§ **Exercise details**:
Reproduce word for word every line from the one containing "107.08㎡ (32.39坪) |" to the final line of the data below; omit the pictures.

§ **Given material**:
-----
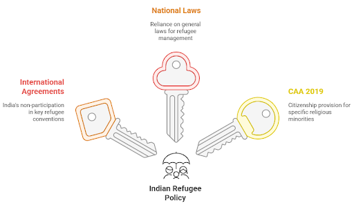 India’s refugee dilemma reflects a tension between humanitarian traditions and national security concerns. Without a formal refugee law, policies are ad-hoc, with selective treatment, as seen in the CAA and Rohingya securitization. This raises debates on India’s commitment to equality, secularism, and its role in upholding international human rights.
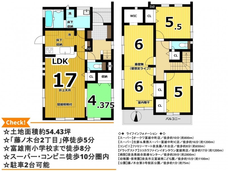 | 土地面積 | 179.95㎡(54.43坪) | 建物面積 | 107.08㎡ (32.39坪) |
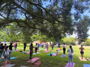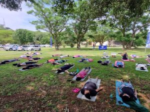 The yoga flows are at a slow pace which allows all participants to keep up and to get familiar with the different poses. Towards the end of the class, Hatha Yoga Bluff focuses on relaxation which normally consists of doing a breathing technique and/or keeping the mind still.
-----
§ **Answer box**:
 | 土地面積 | 179.95㎡(54.43坪) | 建物面積 | 107.08㎡ (32.39坪) |
 The yoga flows are at a slow pace which allows all participants to keep up and to get familiar with the different poses. Towards the end of the class, Hatha Yoga Bluff focuses on relaxation which normally consists of doing a breathing technique and/or keeping the mind still.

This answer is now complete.